Currently pending before the Senate, the Financial Data Transparency Act (S. 4295 – “FDTA”) is legislation taking financial reporting by companies and municipalities to the next level. It ushers in the implementation of machine-readable, digitized financial reporting, wholly based on existing information that is already collected and required, and making it available to anyone for free.
For the municipal bond market, where disclosure has always been and remains a struggle, this legislation is potentially transformative. It creates access to and transparency in government financial reporting that, while the standard for public companies, is unprecedented in the public sector.
A Boon For Small Municipalities
It is also potentially a boon for small municipal bond issuers. The Financial Data Transparency Act has the potential to generate a 620% return on investment for small municipal bond issuers. Hard to believe? Read on.

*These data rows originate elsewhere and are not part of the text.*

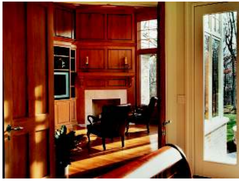
Top: The Great Room fireplace area and floors are quartersawn oak. Bottom: This warm, sunny study, rich in maple with quartersawn oak floors, is part of the first floor master suite in The Transition House.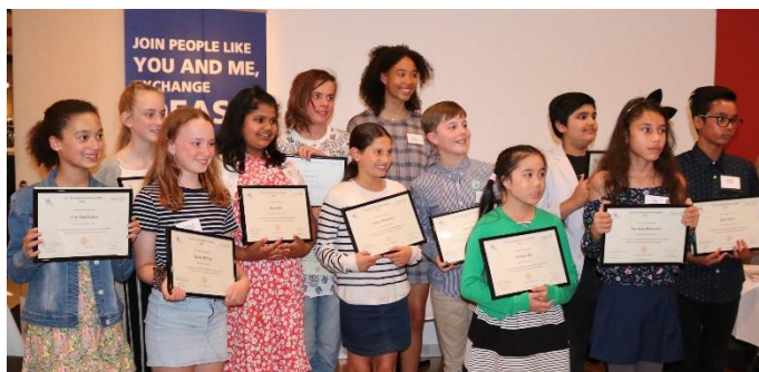
11 happy Awardees with Rose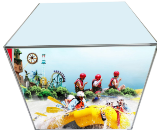
4. Put on the graphic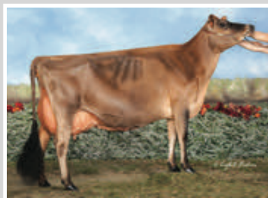
MILO VINDICATION SEASON-ET Grandam of Lot 75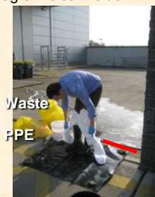
12. Remove disposable suit & place in waste bag on "dirty" side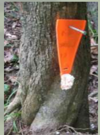
Waxtag after being chewed by a possum.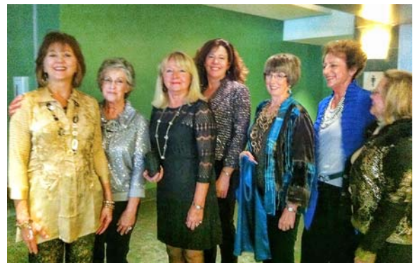
Photos from November Luncheon & Fashion Show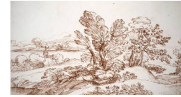
Title: River Scene with Church Tower on the Near Bank (after Giovanni Francesco Grimaldi) Date: n.d. Primary Maker: Arthur Pond Medium: Etching on wove paper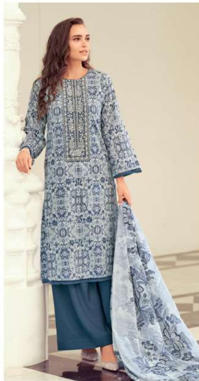
AN / 04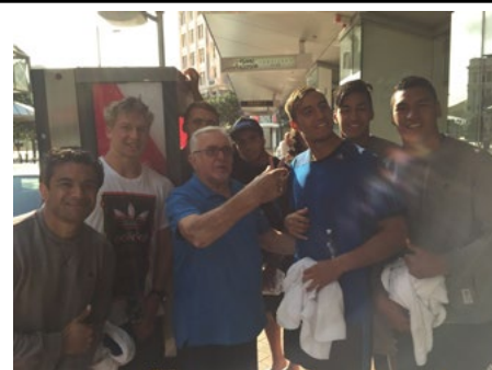
The All Black 7s team.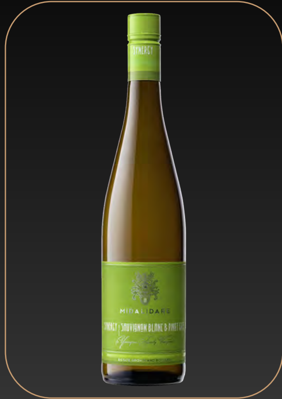
Synergy Sauvignon Blanc & Pinot Gris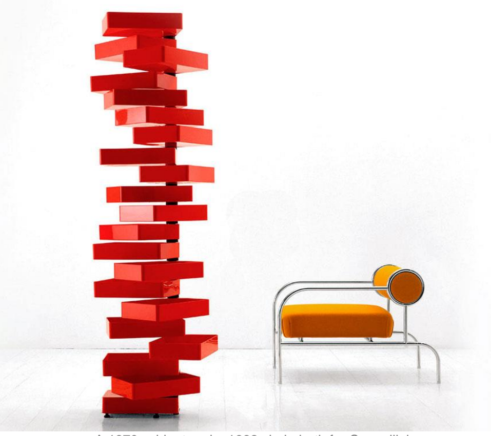
A 1970 cabinet and a 1982 chair, both for Cappellini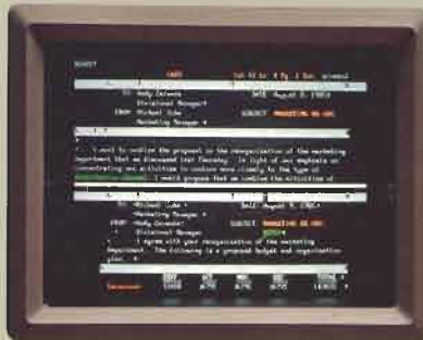
Windows let you edit two documents

We took what you said to heart. And designed the workstation you've been waiting for: HP Vectra Office.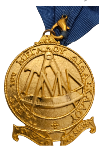
Grand Master's Order of Service to Masonry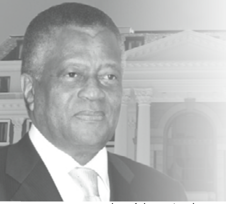
Speaker of the National Assembly, Mr Max Sisulu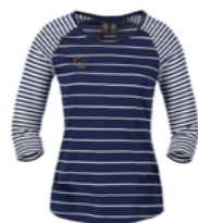
LADIES' LUCIA 3/4 SLEEVE STRIPE TEE PEACOCK WHITE Was $90 Now $45

The municipal bond market, with over 50,000 municipal entities, is the capital source for municipalities, nonprofits, and public authorities. Year to date, over 7,600 issuers have sold nearly $323 billion in bonds to borrow funds for projects such as hospitals, schools, town halls, and other public purposes.
Year in and year out, the largest number of borrowers are smaller or infrequent debt issuers. So far in 2022, half the market was in issuers with bond financings under $10 million. Bring that issuer number up to bond issues under $50 million, and 83% of the market issuance was from those smaller or infrequent borrowers.
Translating that into dollars from issuers, there were $76.6 billion of bonds sold by these issuers this year so far.